--- Given data ---

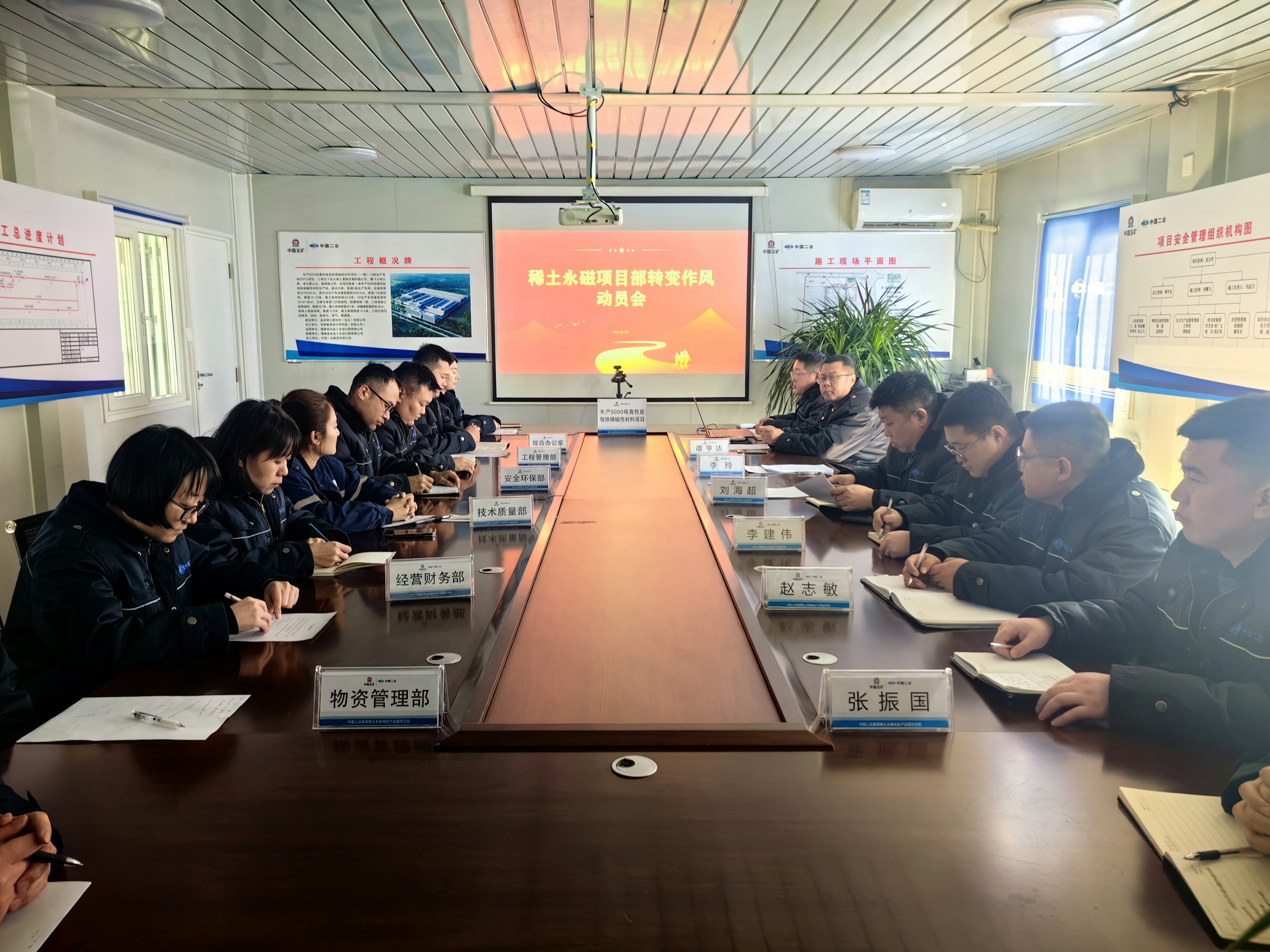 3月17日,城建分公司稀土永磁項目部召開轉(zhuǎn)變作風(fēng)動員會,強(qiáng)力推出“六個堅持”加強(qiáng)作風(fēng)建設(shè),細(xì)化崗位職責(zé),舉一反三查找不足,提升工作質(zhì)量,樹新風(fēng)、立正氣,鼓足干勁實現(xiàn)全年目標(biāo)。
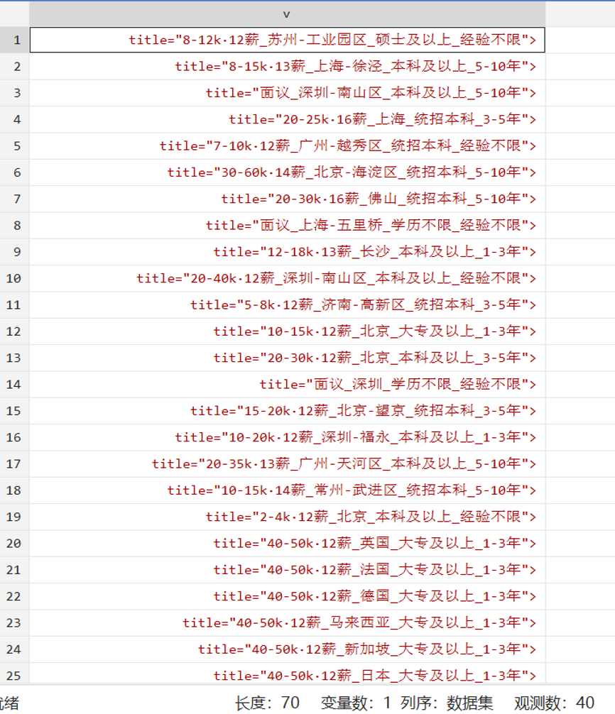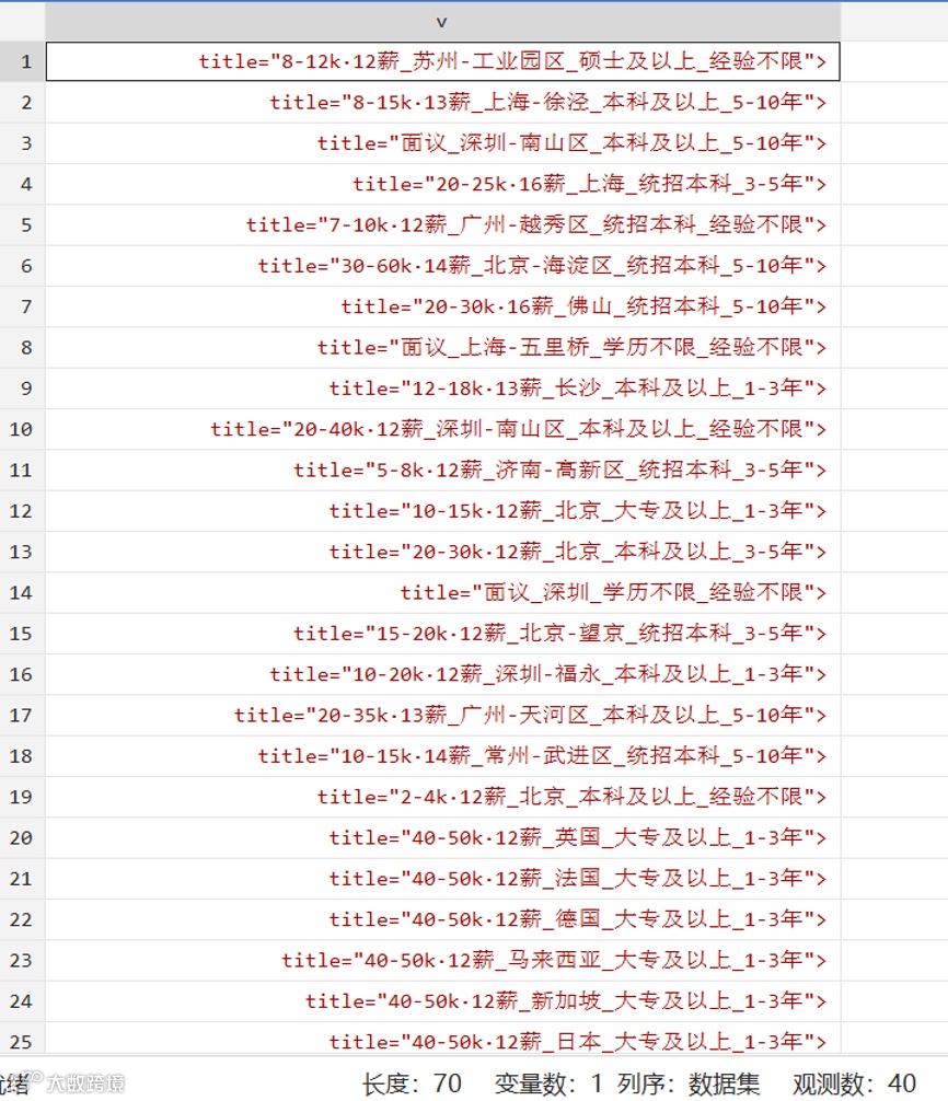 可以发现薪资待遇、地区、学历要求、经验要求都在一个以“title="”开头,以“">”结尾的字符串之间。将文本信息导入Stata软件,使用正则表达式保留满足这个条件的行观测值,就得到包含薪资信息的行,得到结果如图所示。
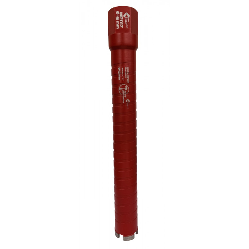 - Carota diamantată cu micro-percuție DXDY.MP1117 este o carotă profesională de înaltă performanță, proiectată special pentru penetrarea rapidă și uscată a betonului armat și a materialelor de construcții cu densitate ridicată.
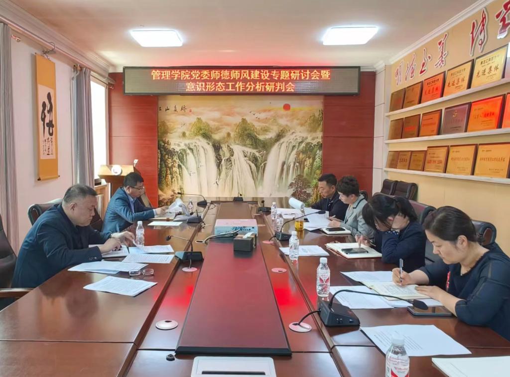 会上,重温了教育部《新时代高校教师职业行为十项准则》《关于加强和改进新时代师德师风建设的意见》《严禁教师违规收受员工及家长礼金等行为的规定》等文件精神,传达了学校关于进一步加强师德师风建设和意识形态工作的相关通知要求,对学院师德师风建设领导小组成员名单进行了充分酝酿,听取了学院近期师生意识形态工作情况的汇报并进行了分析研判。班子成员结合工作实际,分别从学院师德师风建设中取得的成绩、存在的风险与不足、下一步工作举措等方面进行了深入交流。
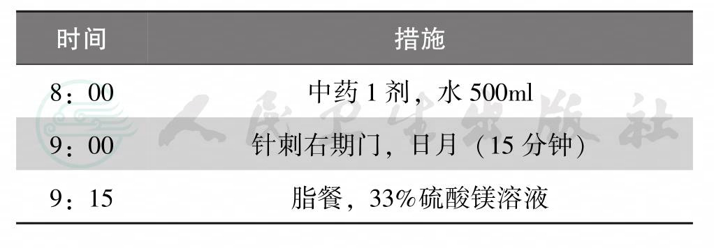 在20世纪80年代,有人将具有疏肝利胆、通里攻下作用的中药与具有解痉止疼效果的针刺疗法和能促进排便作用的硫酸镁按时间顺序联合给予,称之为排石的 “总攻疗法”,以增加疗效,见表34-5-1、表34-5-2。
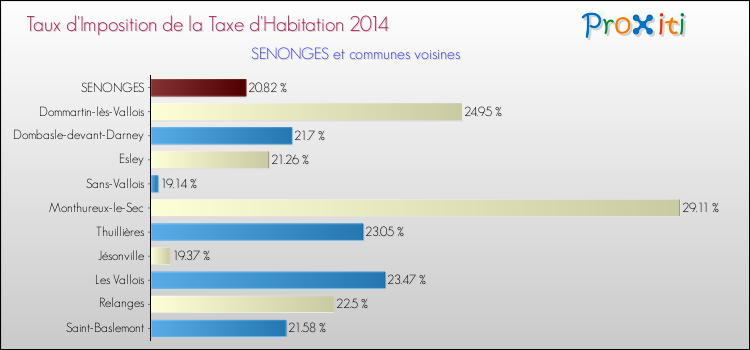 Vous trouverez ci-dessous des graphiques qui vous permettent de situer le taux de la taxe d'habitation de Senonges par rapport aux communes voisines.
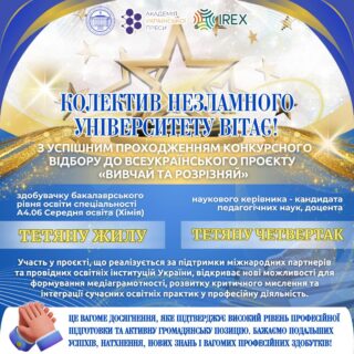 👩🏼🎓🌺 Окремі вітання висловлюємо науковому керівнику — кандидату педагогічних наук, доценту Четвертак Тетяні Юріївні — за фахове наставництво та підтримку студентської молоді.
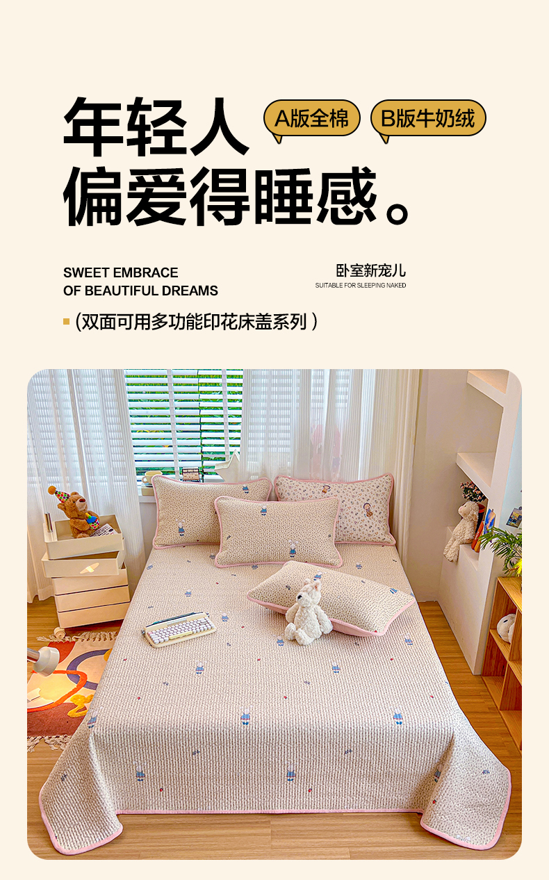 • 91家纺网 家纺一手货源 找家纺 (总)X猫先生 2026新品A全棉B牛奶绒床盖一面全棉一面牛奶绒床盖炕盖加厚床单床垫四季款系列三,焦糖南瓜格(A棉B棉),童年往事(A棉B绒),熊熊告白(A棉B绒),甜心汪星人(A棉B绒),星星柯基(A棉B绒),逗号日记(A棉B绒),莫奈花园(A棉B绒),幸运独角龙(A棉B绒),冒险家(A棉B绒),蘑菇小镇(A棉B绒),蓝格童话(A棉B绒),趴趴熊(A棉B绒),丹麦女孩(A棉B绒),春游兔兔(A棉B绒),贝利花都(A棉B绒),萌萌鸭(A棉B绒),花田囡囡(A棉B绒),哈哈狗(A棉B绒),丛草集(A棉B绒),奶呼小兔(A棉B绒),拉布兔兔(A棉B绒),繁花小熊(A棉B绒),甜心苹果派(A棉B绒),组合图
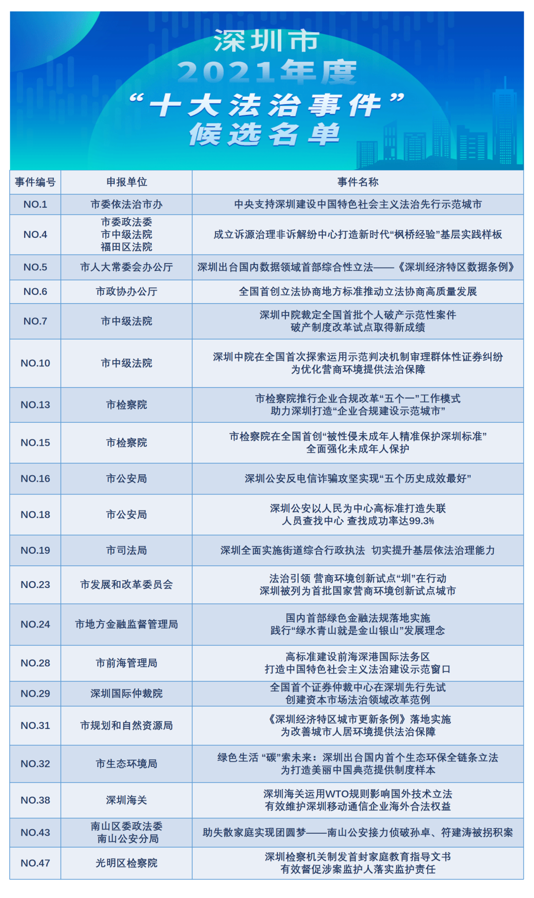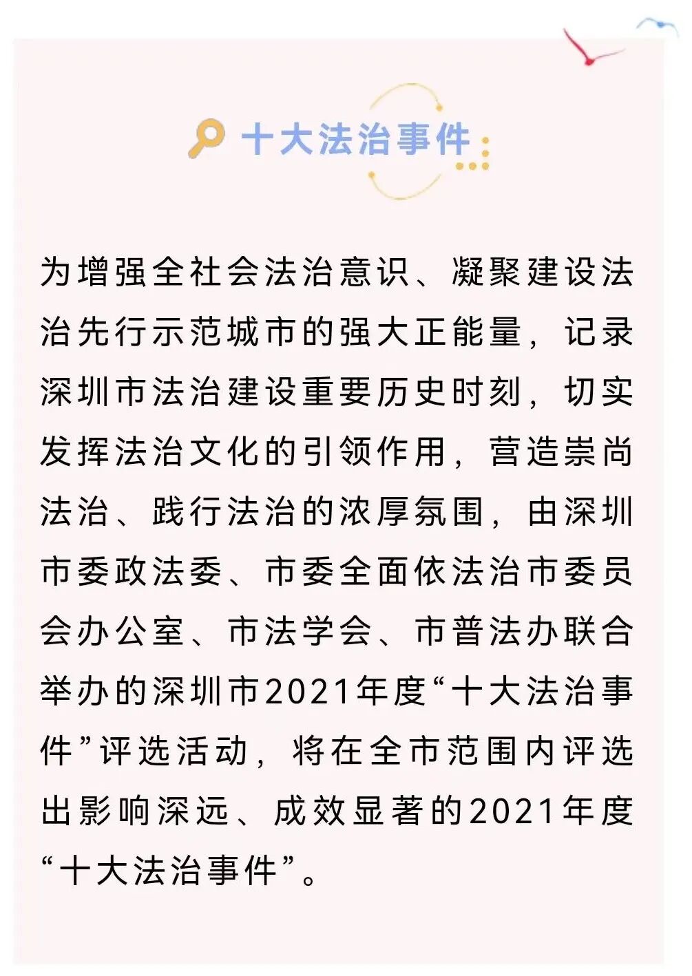 重要消息!由深圳市委政法委、市委全面依法治市委员会办公室、市法学会、市普法办联合主办的深圳市2021年度“双十”评选活动即将启动!
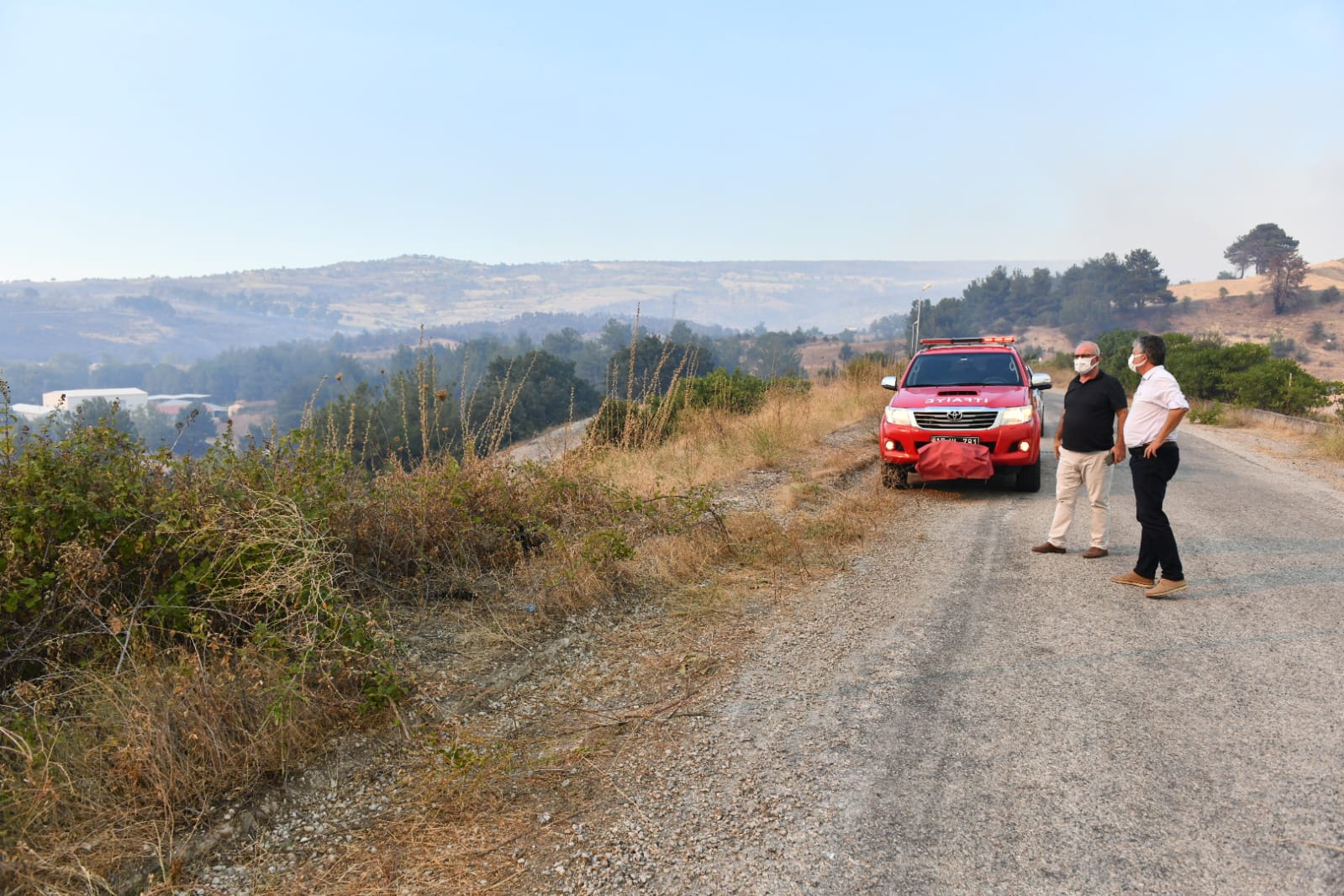 Belediye Başkan Vekili M. İrfan Mutluay, Damyeri mevkiinden başlayarak kısa sürede yayılan yangınla mücadele çalışmalarını inceledi.

---

Using the data above, return the lines from the one holding "在20世纪80年代,有人将具" through the one holding "Vous trouverez ci-dessous" exactly, but not the pictures.

 在20世纪80年代,有人将具有疏肝利胆、通里攻下作用的中药与具有解痉止疼效果的针刺疗法和能促进排便作用的硫酸镁按时间顺序联合给予,称之为排石的 “总攻疗法”,以增加疗效,见表34-5-1、表34-5-2。
 Vous trouverez ci-dessous des graphiques qui vous permettent de situer le taux de la taxe d'habitation de Senonges par rapport aux communes voisines.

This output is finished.